А у меня всегда много времени отнимает само созерцание мудрости: я гляжу на нее
с изумлением, словно на вселенную, которую подчас вижу как будто впервые.
(7) Да,
я преклоняюсь перед всем, что создала мудрость, и перед самими создателями; мне
отрадно видеть в ней наследие многих, накопленное и добытое их трудом для меня.
Но будем и мы поступать, как честные отцы семейства: умножим полученное, чтобы
это наследье обогащенным перешло от меня к потомкам. Много дела есть и теперь,
и останется всегда, и даже тот, кто родится через сто тысяч лет, не лишен будет
возможности что-нибудь прибавить к завещанному. (8) Но пусть даже все открыто
древними всегда будет ново и применение открытого другими, и его познание и
упорядоченье. Представь, что нам достались в наследство лекарства, чтобы лечить
глаза; мне уже нет нужды искать новых, следует только приспособить каждое к
своей болезни и применить в срок.

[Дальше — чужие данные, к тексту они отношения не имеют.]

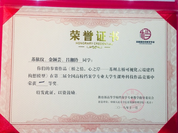 2018年11月3日,由教育部高等学校档案学专业教学指导委员会主办的“第二届全国高校档案学专业大学生课外科技作品竞赛”全国决赛,在南昌大学隆重举办。我院档案学专业学生团队以苏依纹、金颖芸、吕湘铃等3位同学为代表,在指导教师王芹副教授的带领下,通过全国初赛,成功入围决赛。来自全国14所高校的15支团队的优秀作品在会上展开精彩而激烈的角逐,最终,我院档案学专业团队作品“桥之情,心之岸——苏州古桥可视化云端建档构想模型”顺利斩获一等奖,载誉而归。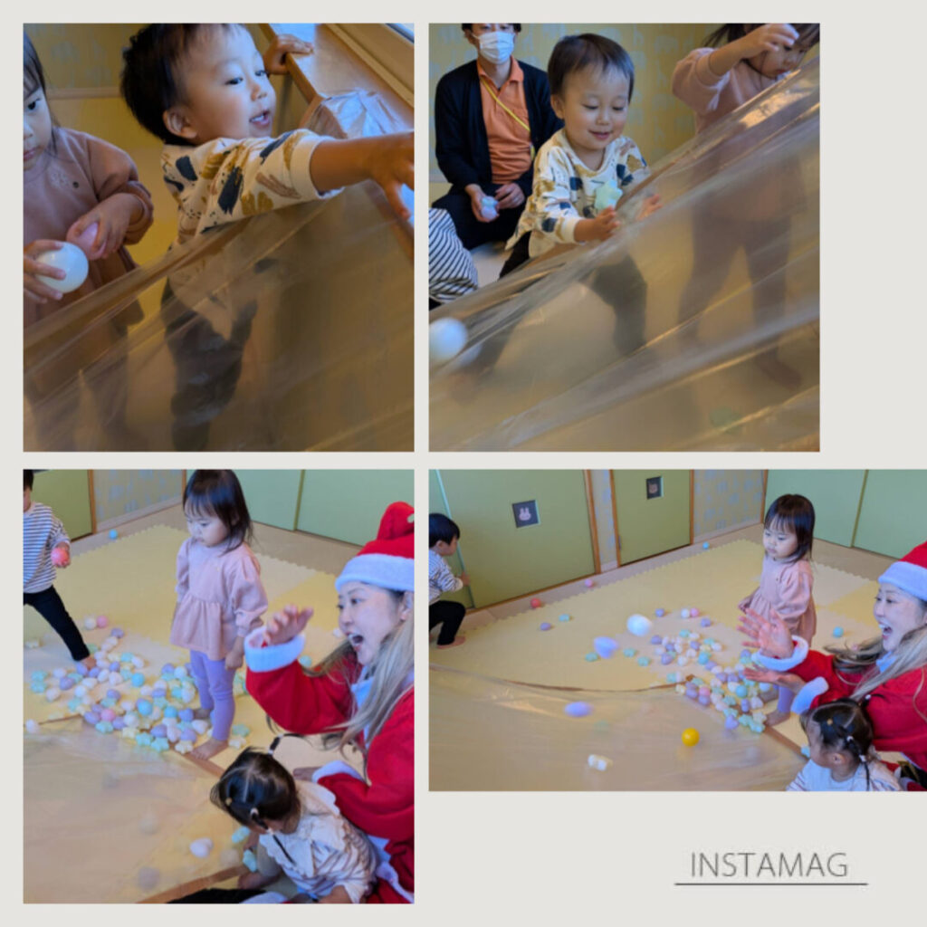 ボールコロコロや新聞紙トンネルを楽しみました。千佳サンタも一緒に。

Вот это облегчает сухость глаз, это прогоняет
опухоли с век, это предотвращает внезапные воспаления и слезотеченье, это
делает зрение острее. Нужно только растереть их и выбрать время, и еще найти
меру для каждого. Лекарства для души найдены древними, но наше дело отыскать,
как их применять и когда. (9) Жившие раньше нас сделали много, но не все; и все
же нужно взирать на них благоговейно и чтить, как богов. Почему бы мне для
поощрения души не завести у себя их статуи, не праздновать дни их рождения? Почему
бы мне, почета ради, не призывать их в свидетели клятвы? Ведь если я обязан
чтить своих наставников, то не меньше должен чтить и наставников человечества,
в которых изначальный источник великого блага. (10) Разве, увидев консула или
претора, я не воздам им того почета, какой положен их почетной должности? Не
сойду с коня, не обнажу голову, не уступлю дороги? Так что же, неужто я не
приму в сердце с величайшим почтением и обоих Марков Катонов, и Лелия Мудрого,
и Сократа с Платоном, и Зенона с Клеанфом? Ведь я перед ними преклоняюсь, их
великие имена возвышают и меня самого. Будь здоров.
Письмо LXV
Сенека
приветствует Луцилия!
(1)
Вчерашний день разделил я с болезнью: первую его половину она отняла у меня, вторую
мне уступила. Сначала я попытал свою душу чтением. Она выдержала. Тогда я
решился приказать ей – а верней позволить что-нибудь потяжелее: стал писать, и
с большим, чем обычно, вниманием, так как не желал сдаваться в схватке с
трудностью предмета. Но тут подоспели друзья и силой обуздали невоздержного
больного. (2) Место дощечек заняла беседа, из которой я перескажу тебе ту
часть, что вызвала спор: ведь судьей мы избрали тебя. Дела у тебя будет больше,
чем ты думаешь, так как тяжущихся сторон – три.
Наши
стоики, как тебе известно, утверждают: все в природе возникает из двух начал –
причины и материи. Материя коснеет в неподвижности, она ко всему готова, но
останется праздной, если никто не приведет ее в движенье. Причина, или же
разум, ворочает материю как хочет и, придавая ей форму, лепит всяческие
предметы. Ведь в каждой вещи непременно должно быть то, из чего она делается, и
то, чем она делается; второе есть причина, первое – материя. (3) Любое
искусство подражает природе, так что сказанное мною о мироздании можешь
приложить ко всем делам рук человеческих. Вот статуя: здесь наличествует и
материя, послушная художнику, и художник, придавший материи обличье. Материей в
статуе была бронза, причиной – художник. То же самое присуще и всем вещам:
каждая состоит из того, что ее создало, и того, из чего она создана. (4) Стоики
считают, что есть одна причина – то, что создает вещи. По Аристотелю[1], говорить
о причине можно трояко: «Первая причина, по его словам, это сама материя, без
которой ничего нельзя создать; вторая – это сам создатель; третья это форма,
которая придается каждому изделию, как статуе», – ее-то Аристотель и называет
«эйдос», «А четвертая причина – это намеренье, с которым создается изделие».
(5) Я поясню, что это такое. Первая причина статуи есть бронза: ведь не будь
того, из чего изваяние отлито или высечено, не было бы сделано и оно само.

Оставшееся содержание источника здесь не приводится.